-- DATA SHOWN follows --

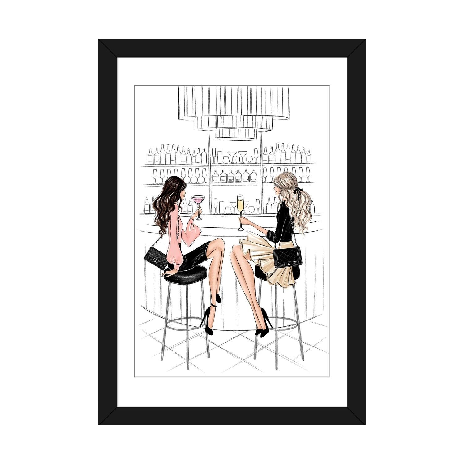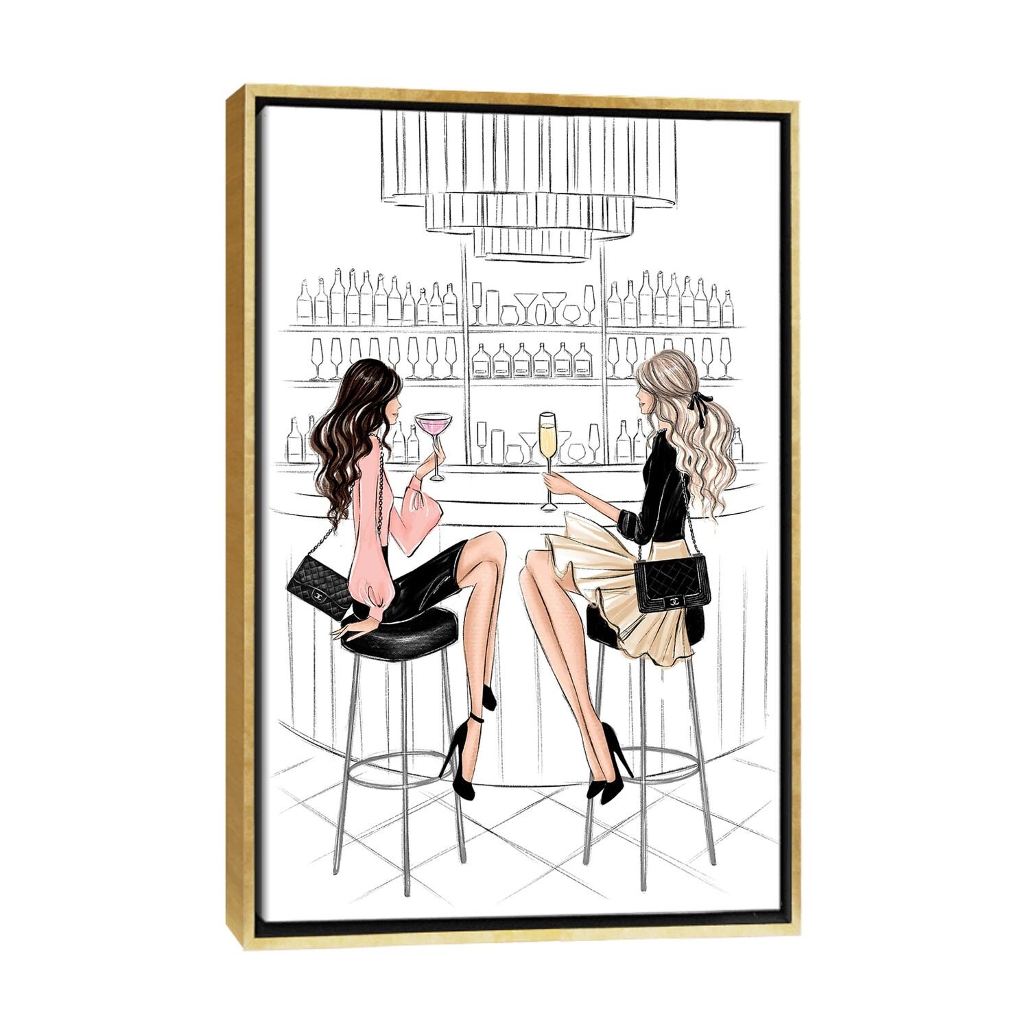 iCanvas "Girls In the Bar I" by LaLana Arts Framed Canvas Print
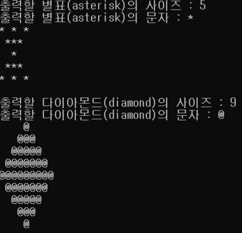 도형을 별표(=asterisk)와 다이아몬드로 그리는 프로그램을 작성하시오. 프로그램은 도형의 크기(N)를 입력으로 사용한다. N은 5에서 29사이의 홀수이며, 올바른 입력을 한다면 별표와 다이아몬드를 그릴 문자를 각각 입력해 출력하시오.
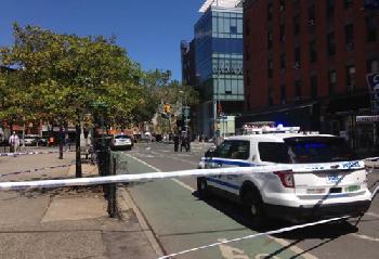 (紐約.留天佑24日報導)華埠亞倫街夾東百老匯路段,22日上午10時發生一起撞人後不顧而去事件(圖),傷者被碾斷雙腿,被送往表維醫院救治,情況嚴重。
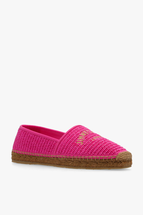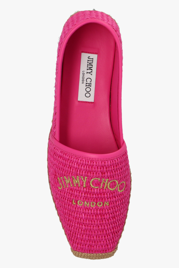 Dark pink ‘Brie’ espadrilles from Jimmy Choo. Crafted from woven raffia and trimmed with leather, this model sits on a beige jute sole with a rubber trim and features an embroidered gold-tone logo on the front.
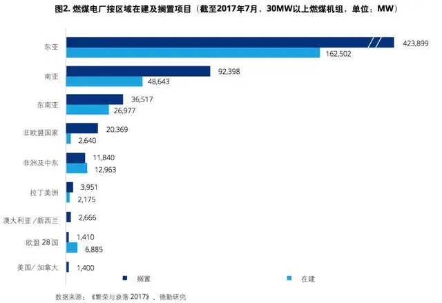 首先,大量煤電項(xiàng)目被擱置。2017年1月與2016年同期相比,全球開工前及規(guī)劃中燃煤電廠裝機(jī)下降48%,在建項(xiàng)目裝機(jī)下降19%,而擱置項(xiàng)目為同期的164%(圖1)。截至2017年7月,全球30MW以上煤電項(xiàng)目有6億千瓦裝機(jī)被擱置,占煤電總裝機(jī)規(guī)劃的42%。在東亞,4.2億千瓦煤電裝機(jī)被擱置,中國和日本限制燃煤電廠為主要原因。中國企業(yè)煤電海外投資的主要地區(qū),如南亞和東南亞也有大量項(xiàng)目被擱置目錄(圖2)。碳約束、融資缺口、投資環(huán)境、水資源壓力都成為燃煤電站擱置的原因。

-- DATA SHOWN concluded --
-- DATA SHOWN follows --

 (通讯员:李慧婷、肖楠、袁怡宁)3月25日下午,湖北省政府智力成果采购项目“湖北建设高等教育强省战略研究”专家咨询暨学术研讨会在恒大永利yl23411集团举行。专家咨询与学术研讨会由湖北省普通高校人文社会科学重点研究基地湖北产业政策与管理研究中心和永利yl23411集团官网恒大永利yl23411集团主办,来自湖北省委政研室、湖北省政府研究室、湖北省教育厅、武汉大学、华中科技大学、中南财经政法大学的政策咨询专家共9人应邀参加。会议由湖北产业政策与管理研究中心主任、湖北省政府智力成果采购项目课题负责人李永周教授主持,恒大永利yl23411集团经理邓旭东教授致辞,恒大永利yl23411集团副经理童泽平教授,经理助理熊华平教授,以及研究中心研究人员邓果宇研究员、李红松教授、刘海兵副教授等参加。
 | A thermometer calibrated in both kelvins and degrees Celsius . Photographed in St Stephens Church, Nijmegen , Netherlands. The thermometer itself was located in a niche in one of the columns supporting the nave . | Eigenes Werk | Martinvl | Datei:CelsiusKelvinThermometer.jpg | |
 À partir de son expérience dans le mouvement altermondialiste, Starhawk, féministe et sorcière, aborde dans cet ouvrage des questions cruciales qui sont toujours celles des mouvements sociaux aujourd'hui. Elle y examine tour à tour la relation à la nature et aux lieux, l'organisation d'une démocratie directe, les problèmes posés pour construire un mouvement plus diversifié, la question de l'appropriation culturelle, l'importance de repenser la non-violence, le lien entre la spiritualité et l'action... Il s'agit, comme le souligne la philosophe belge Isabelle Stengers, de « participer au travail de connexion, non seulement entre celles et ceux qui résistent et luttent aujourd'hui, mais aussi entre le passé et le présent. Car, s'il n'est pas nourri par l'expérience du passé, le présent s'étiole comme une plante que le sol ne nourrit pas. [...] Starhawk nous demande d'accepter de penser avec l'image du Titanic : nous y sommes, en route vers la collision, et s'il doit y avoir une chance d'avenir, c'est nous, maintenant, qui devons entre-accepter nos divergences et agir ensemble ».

-- DATA SHOWN concluded --

§ **YOUR ASSIGNMENT**
Copy word for word the lines of the records above from the one with "Framed Canvas Print" up to and including the one with "(紐約.留天佑24日報導)華". Skip the pictures.

§ **PROBLEM SOLUTION**
 iCanvas "Girls In the Bar I" by LaLana Arts Framed Canvas Print
 도형을 별표(=asterisk)와 다이아몬드로 그리는 프로그램을 작성하시오. 프로그램은 도형의 크기(N)를 입력으로 사용한다. N은 5에서 29사이의 홀수이며, 올바른 입력을 한다면 별표와 다이아몬드를 그릴 문자를 각각 입력해 출력하시오.
 (紐約.留天佑24日報導)華埠亞倫街夾東百老匯路段,22日上午10時發生一起撞人後不顧而去事件(圖),傷者被碾斷雙腿,被送往表維醫院救治,情況嚴重。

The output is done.